Taxpayers with complex tax dispute cases before the California State Board of Equalization were more likely to win their cases if they or their representatives made campaign contributions to the elected board members, either directly or through political action committees, according to a detailed examination by Daily Tax Report, a BNA publication.

In a series of reports, BNA examined the outcomes of 70 complex, high-stakes cases argued before the board between 2002 and 2009, and compared those cases to publicly available campaign finance records.

BNA found more than $1 million in contributions to board members from taxpayers or their representatives who argue those cases before the board. All of the contributions were legal and contributors who spoke to BNA denied any causality between their contributions and success before the board.

We just bet they did. Check this:

However, a correlation appears to exist between contribution levels and success before the board, based on BNA’s original research.  BNA found that 20 of the 70 cases examined had less than $250 tied to them, and those taxpayers won their cases 30 percent of the time.

Success rates rose with higher contribution rates. Dividing the remaining cases in equal groups, BNA found another 17 cases had between $250 and $16,000 in contributions tied to them, and those taxpayers won 53 percent of the time. The next group of 16 cases had $16,000 to $50,000 tied to them, and those taxpayers won 75 percent of the time. The last group of 16 cases had $50,000 to $137,000 tied to them, and those taxpayers won 88 percent of the time.

Huh. Imagine that.

There’s lots more good stuff, as Mahoney names names, dissects the politics of the board’s operations and weighs the policy implications of what she found.

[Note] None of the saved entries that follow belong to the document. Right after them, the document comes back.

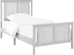 Most children are ready to transition from a crib or toddler bed to a twin bed between the ages of 3 and 5. This bed is an excellent choice for a first "big kid bed" as its standard twin dimensions (77" W x 41.75" D) provide ample room for growth while remaining accessible for younger children. The low-profile panel design and straight legs offer a stable, grounded feel that helps children feel secure during the transition.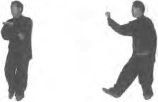 (I) 收脚握拳;左腿屈膝支撑身体心.沐稍左转, 右脚随之回收于左脚内舾.脚尖点地;同时.右小背内旋, 拳心翮转向下,经腹前间左《?摆茔左肋前;左掌由骱朐下. 向后上方糾摆屈左胸前,掌心向前方 (图 2 117)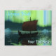 A slightly stylised image of a Viking longship sailing at night under the Northern Lights, there a couple of icebergs; most of the crew is asleep. French text reading, “Joyeux Noёl” appears in glowing blue and white.. Add your own additional text.

One of the conclusions of the final report of the governor’s tax reform commission released last year was that California should create an independent board to handle the politically charged issue of tax appeals.  So far, no one in the Administration or Legislature has seen fit to try to push such a reform.

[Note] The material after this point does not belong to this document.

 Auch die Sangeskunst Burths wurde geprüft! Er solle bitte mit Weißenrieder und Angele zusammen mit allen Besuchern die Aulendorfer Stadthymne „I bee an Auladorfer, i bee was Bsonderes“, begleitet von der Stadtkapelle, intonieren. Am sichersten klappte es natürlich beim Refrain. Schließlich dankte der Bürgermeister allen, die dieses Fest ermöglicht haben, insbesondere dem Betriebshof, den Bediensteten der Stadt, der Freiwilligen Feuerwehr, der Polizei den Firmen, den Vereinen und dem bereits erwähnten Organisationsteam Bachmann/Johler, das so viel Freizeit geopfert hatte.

After reading Mahoney’s special report, someone really, really should.

Cutting room floor:

Finally someone notices that the  “anti incumbent wave” of primary season is all about Republicans.

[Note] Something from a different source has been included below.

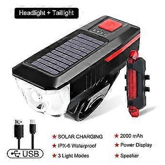 Solar Bicycle Light USB Rechargeable Power Display MTB Road Bike Front Lamp With Horn Flashlight Cycling Light Bike Accessories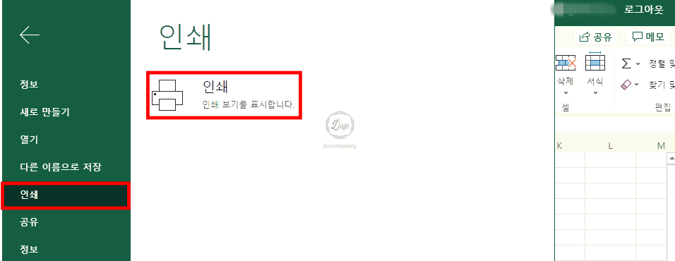 현재까지 작업한 엑셀을 인쇄해보자. 상단의 파일 > 인쇄 순서로 클릭하면 그림과 같이 인쇄 보기를 표시합니다 메시지가 나타난다.

Lou Cannon’s take on mid-terms: mercifully free of heavy breathing

We’re still working our way through Todd Purdum’s big Vanity Fair piece on what’s wrong with Washington ‘cuz we keep stopping where he says $3.5 billion got spent on lobbying last year – $1.3 million for each day Congress was in session.

World’s only human shorter than Barbara Boxer gets it pretty much right.

Judge Vaughn Walker: liberal elite insider. Uh, wasn’t he appointed by a Republican?

What’s Obama’s problem?

A-He’s too condescending.

B-He thinks he’s Prime Minister.

C-He sold out much too fast.

D-He’s totally incompetent.

E-He doesn’t have a problem.

F-He’s easily intimidated.

G-His problem lies in the very nature of man.

Calbuzz sez: B, C and F.

In case you missed it: Since the whole dispute over the Manhattan Islamic community center erupted, we’ve been determined to keep Calbuzz a Ground Zero Mosque Free Zone. But we finally came across something that sums up our take, thanks to Aasif Mandvi.